I’ll give you guys an example. Imagine that Alice says “I saw a potato tree today”. And Bob replies to Alice one of the following:
- “Potatoes do not grow on trees.”
- “Potato tree? Are you braindead or what?”
- “Yeah sure, and I saw some unicorns today. Because you know, potatoes totally grow on trees, right?”
- “Oh dear perhaps you’re a bit confused, so let me enlighten you. Potatoes do not grow on trees. I understand that this might be a bit too complex for you to understand, but put on some effort, okay?”
The first three are not pass-aggro. #1 is simply dry (no attempt at politeness or rudeness); #2 is simply rude (I’m typically OK with that within limits). #3 uses irony and sarcasm in such an obvious way that it comes off as simply rude, there’s no attempt to use the irony to disguise the insult. Only #4 is pass-aggro, as it calls Alice stupid and lazy in a disguised way.
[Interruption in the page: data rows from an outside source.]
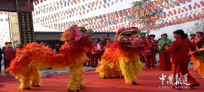 冬日温暖的阳光普照玉皇宫,嘉宾云集,人山人海,锣鼓喧天,龙狮表演令活动现场热闹非凡,一片祥和气象。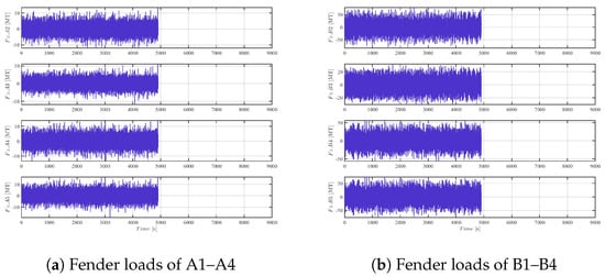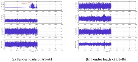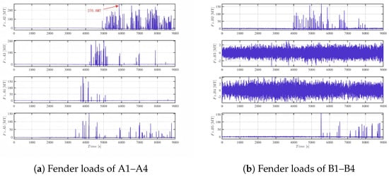 The amplitude of fender force varies greatly ranging from a few tons to hundreds of tons. The maximum reaction load is 270.8 tons, which is much larger than the results of 45 deg and 90 deg as shown later. Considering that the environmental loads come from the surge direction, the sway loads acting on the ship shall be small theoretically. This phenomenon is unexpected, as the environmental loads are primarily aligned with the surge direction, and the sway loads should theoretically be minimal. However, the observed high sway fender forces may be attributed to complex hydrodynamic interactions such as wave diffraction around the jacket structure, thruster hysteresis during rapid directional changes, and coupling effects between sway and roll motions. These effects are known to introduce lateral loads not accounted for in simplified models and have been discussed in prior studies [15,17]. Further investigation is warranted to quantify these dynamics and improve predictive accuracy.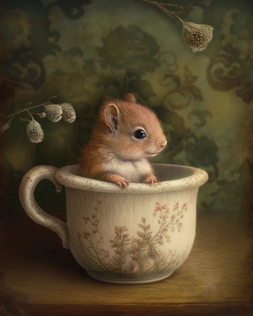 Una mattina d’autunno, quando il sole filtrava come polvere dorata tra le tende, un piccolo topolino dal pelo color nocciola saltò sul tavolo in cerca di un rifugio caldo. Vide la tazza, vi infilò il musetto curioso e, con un sospiro felice, ci si rannicchiò dentro.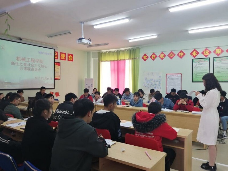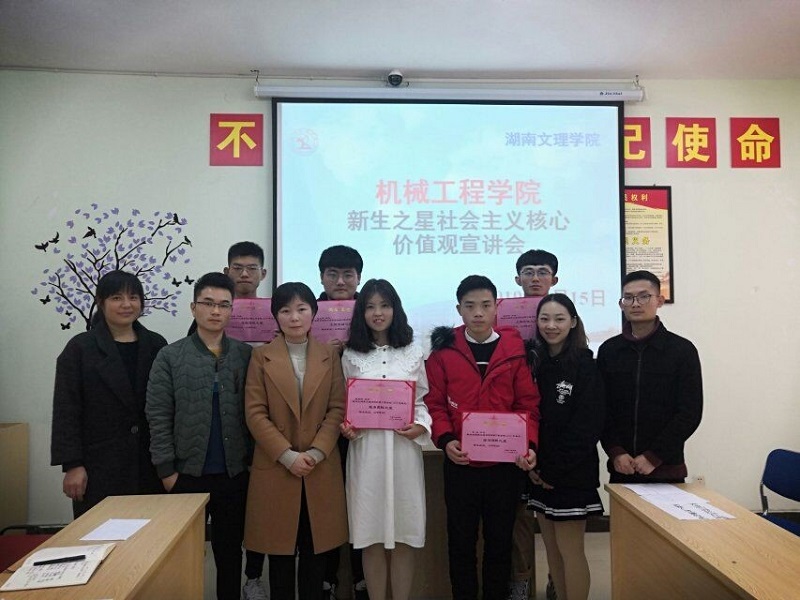 本网讯(通讯员:张译尹)为全面加强学生思想建设,积极引导学生努力学习先进思想理论知识,不断提高自身思想政治素质,进一步培育和践行社会主义核心价值观,树立和宣传大学生中的先进典型,展示新时代大学生的精神风貌,2019年3月15日中午,机械工程学院新生之星“社会主义核心价值关”宣讲会在机械楼B427顺利召开。出席本次会议的领导老师有机械工程学院党总支副书记刘双老师、学工办辅导员张群英老师、廖宇环老师、彭亮老师。机械工程学院各班学生干部、学生代表及2018级新生之星参加了本次会议,本次宣讲会由学院学习科研部部长张鑫婕同学主持。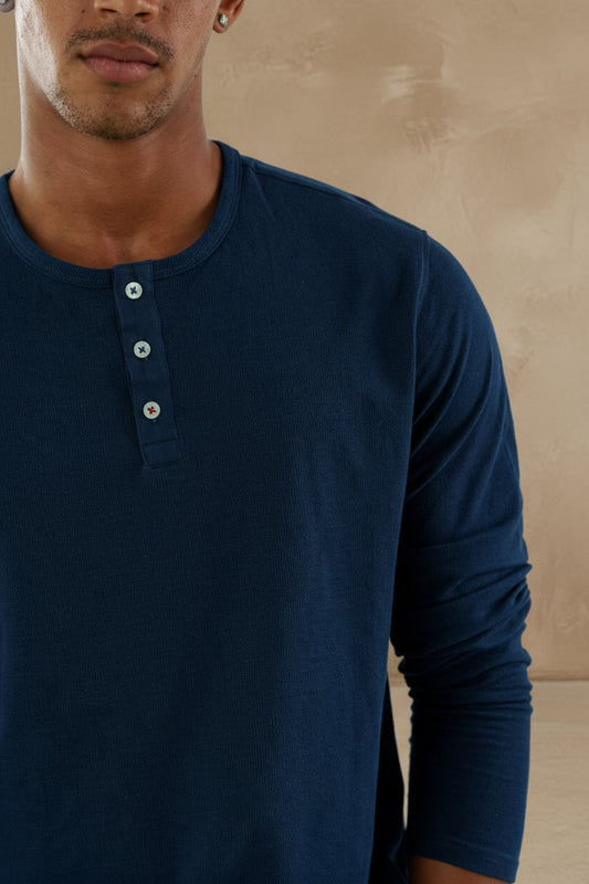 TRAILBLAZER - Navy Solid 3 Buttons Henley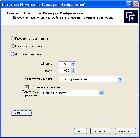 Внимание! Обратите внимание на то, что значения ширины и высоты, которые задаются в данном окне, вовсе не означают четкий размер каждой фотографии. Например, 500 по ширине и 600 по высоте говорит о том, что полученные фотографии будут не больше 500 пикселей по ширине и 600 по высоте. То есть изменение размера делается достаточно интеллектуально: по-разному для портретного и альбомного расположения изображений. Поэтому на самом деле лучше в значениях ширины и высоты указывать одинаковые параметры: или 500, или 600 в обоих полях.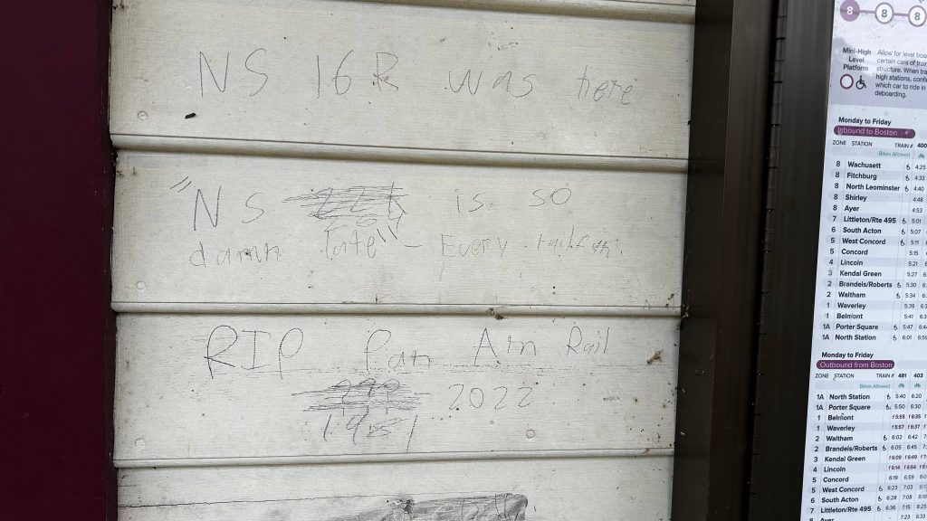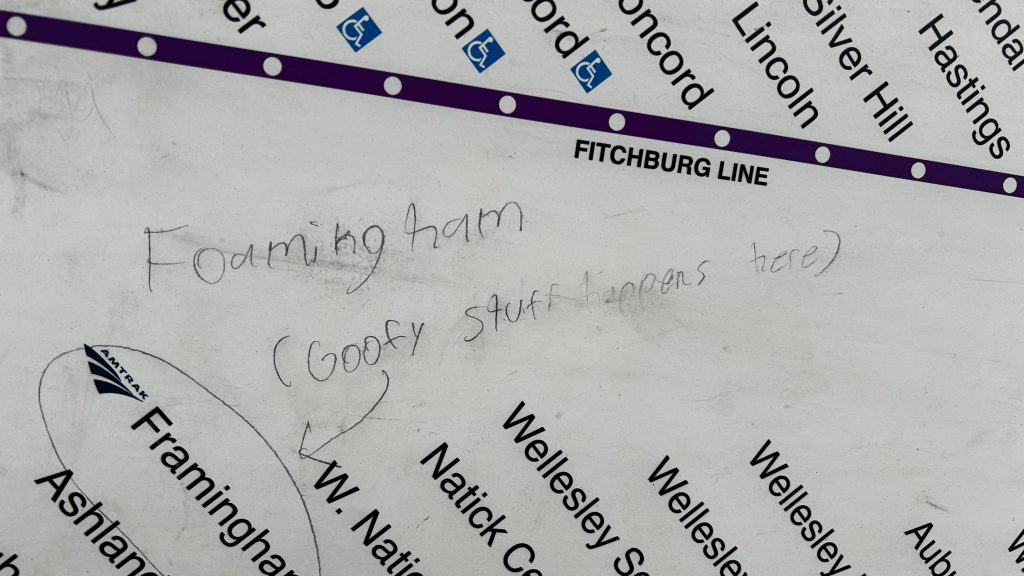 Bye!There she goes!And onwards to Wachusett!Outdated map!FOAMINGHAM. GOOFY STUFF HAPPENS HERE.This looks nice but there’s no physical window.Parking and bike lanes!Old Commuter Rail station signYOU MEAN THIS IS ACCESSIBLE?!Another shot of the red dot matrix signage and the HelveticaBoston & Maine-esque signageBike lanes!Some stuff around town!Towards the fire stationCycling infrastructure!Towards Boston!Towards Fitchburg and Greenfield!“NS 16R WAS HERE” and “RIP PAN AM RAIL”“[CSX] <- HOW TOMORROW DERAILS”Bye, Shirley!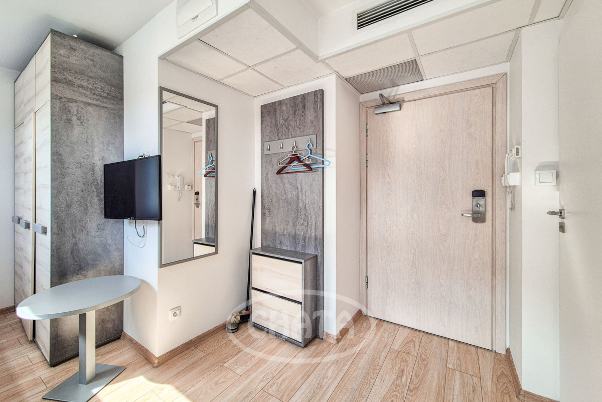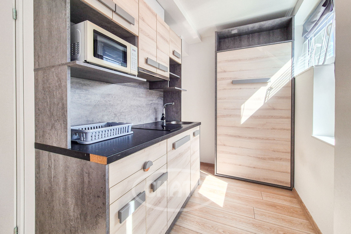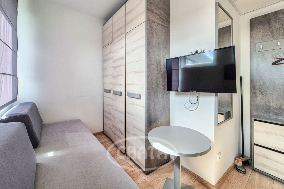 Lokal znajduje się na 8 piętrze.Pokój połączony z aneksem kuchennym z łazienką.Wyposażony i umeblowany jak na zdjęciach.Internet w cenie najmu.

I tend to block people who do this because they rub me off the wrong way - it shows a lack of dignity to be upfront that you don’t see in plain rudeness.
Sealioning is a made up term by those too lazy to explain a concept and looking to antagonise others because they “cannot possibly be unaware of X fact that I care so much about”.
Funnily enough saying someone is sealioning falls within the passive-aggressive behaviour you seem to despise so much.
Sealioning is the discussion equivalent of a DoS (denial of service) attack. In both, the content of the reply is irrelevant; the goal is to flood the person/machine with multiple requests, until they reach a limit and stop dropping drop the requests altogether.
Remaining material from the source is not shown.